A very healthy and tasty vegan pasta recipe that holds all the nutrients you need to get you through your day. Introducing new techniques into your culinary skill book makes this a true excitement to prepare, giving you the flexibility to make this dish your own. As the famous Marco Pierre White said “Cooking is a philosophy, a recipe is just a guide”.
Preparation time: 15 minutes Cooking time: 20 minutes Serves: 2-3
- 2 1/2 Medium fresh tomatoes, very finely diced
- 300 g Canned green lentils, water drained
- 1 1/2 tsp. English mustard
- 1 tbsp. Olive oil
- 100 ml Water
- 2/3 tsp. Dried organic basil
- 1 heaped tsp Dried organic oregano
- 7 cracks of Black pepper
- 1 Tbsp. Curly fresh parsley, finely chopped
- Kosher Salt to taste
- 1 tbsp. Olive oil for frying garlic
- 3 Garlic cloves, finely sliced
- 4 Medium courgettes, made into unpeeled spaghetti (Link on how to do this below)
Tips and Tricks: As I say with all my vegetarian dishes the key to making them taste beautiful is the quality of your ingredients. If you can’t get excited about the ingredients then you sure won’t get excited about the finished dish. The Tomatoes, Oregano and Fresh Parsley have the biggest influences on the dish dependent on their quality. If you live somewhere where you can grow parsley then buy all means do it, they are very easy plants to take care of and are leagues ahead in flavour to their supermarket counterparts.
How to make and cook courgette spaghetti: http://www.wikihow.com/Make-Zucchini-Noodles
When drying out the spaghetti I would recommend only doing it for about 10 minutes for this recipe, as we will be boiling them later anyway.
- In a small frying pan heat up the olive oil on a medium heat to fry the garlic.
- Add the garlic slices and fry until crispy and brown, turning over regularly to prevent them from burning.
- Place the crispy garlic onto some kitchen roll to remove any access oil, place into a bowl and cover for later.
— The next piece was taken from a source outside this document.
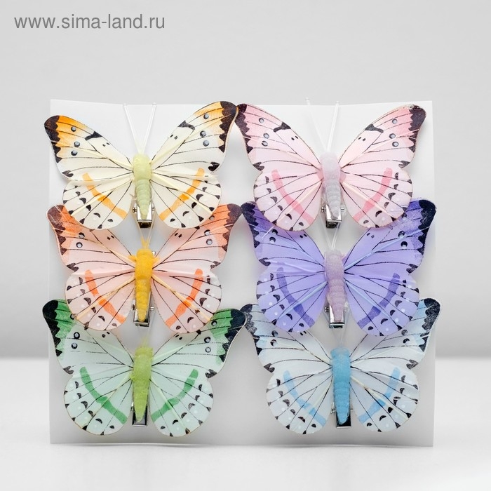 Бабочка для декора и флористики, на прищепке, пластиковая, микс, 1 шт., 5 см и 8 см

- To a cool large pan add the Olive oil, Lentils, diced Tomato and mustard.
- Bring the heat to high, fry for 2 -3 minutes while stirring occasionally.
- Add the water along with the dried Basil and Oregano.
- Bring to a boil then reduce the heat to a low, simmer until the lentils are almost cooked (soft with a bit of a bite).
- Add the Black pepper and chopped fresh parsley.
- Add kosher salt to taste, turn off the heat and cover.
- Cook the prepared courgette spaghetti until al dente (Approximately 3-4 minutes)
- Add the cooked courgette spaghetti to the lentils and heat through on a medium heat while stirring (Approximately 2 minutes)
- Place into bowl and garnish with crispy fried garlic and a sprig of parsley.
Tips and Tricks: The reason that you do not cook the lentils completely initially is that while you cover them and then proceed to heat them back up they continue to cook. The skill is in how “uncooked” you want the lentils at the start so you finish with perfectly cooked lentils. It is very important for this recipe to get the right amount of salt, you want to taste it without it being overpowering. Be wary when seasoning with kosher salt however as the amount can easily be overdone.